驭龙的年轻人眼圈通红,神情却如同血食之神,稚嫩的喉咙几乎被他撕破,是在喊着什么。
陆僭茫然地挑了挑眉,薄唇嗫喏般地一动。
司空斛看不清山上陆僭的形容,喊完一声“师父”,就心急火燎地驭龙而下,径直冲入火海,离地越近,越觉得烈焰灼人。
八方妖魔有感于蛟龙魔气,涌成一片猩红的妖海,扭曲挣扎着向司空斛和蛟龙涌来。
司空斛的视线穿不过阻拦,猛地端起隅康,数道黑红光箭窜出,噼噼啪啪带出一条通路,随即又被震天嗥叫的鸡零狗碎填补起来。
离地十数尺,司空斛笔直地撞上了荡邪火魔的火舌,“轰”的一片火苗燃起,他的半个肩膀被坚硬滚热的火舌砰然踏碎。
如今司空斛通过结符与蛟龙共生,分崩离析的皮肉虽然烫得发出红光,但仍是借助魔气以惊人的速度长了回来。

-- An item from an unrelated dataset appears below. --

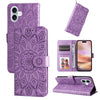 Embossed Sunflower Leather Phone Case, For iPhone 16e, For iPhone 16 Pro Max, For iPhone 16 Pro, For iPhone 16 Plus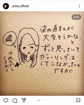 杏はインスタグラムで自身のイラストを付けて「初!!のカラーリングをしてみました」と報告。渡仏直前にイメージチェンジをしたとし、「やってみると新しい&知らなかったことがいくつもありました。服も印象がガラリと変わる」と報告している。

赤书焕提剑划开一条流出绿血的喉咙,回头吼道:“司空,刀!”
司空斛手里紧握着一只龙角,闻言催动内息,涨出一股与蛟龙联结的魔气,同时举起手掌。
空中传来“铮”的一阵刀剑破空声,火星血点四处喷溅,随即司空斛掌心一凉。
掷火万里刀躺在手心,带着一丝宝刀出鞘的自得期待和不可按捺,静静等待差遣。
司空斛一手提刀,另一手把隅康扛在肩上,倏然在龙背上站了起来。
龙脊蜿蜒,在妖海之中穿梭。
火铃的黑金丝线在空中结起密匝匝的大网,阻挡魔气侵袭赤书焕,同时箭矢流光般洒下主峰地面。
恢漠剑光带着药气焚江倒海地翻开空中血尸,掷火万里刀在空中逡巡来去自如,厮杀如风,刀尖颤动。
数以亿计的妖魔看似攻无不胜,这场硬仗也看似没有尽头,司空斛置身其中,只觉无比煎熬。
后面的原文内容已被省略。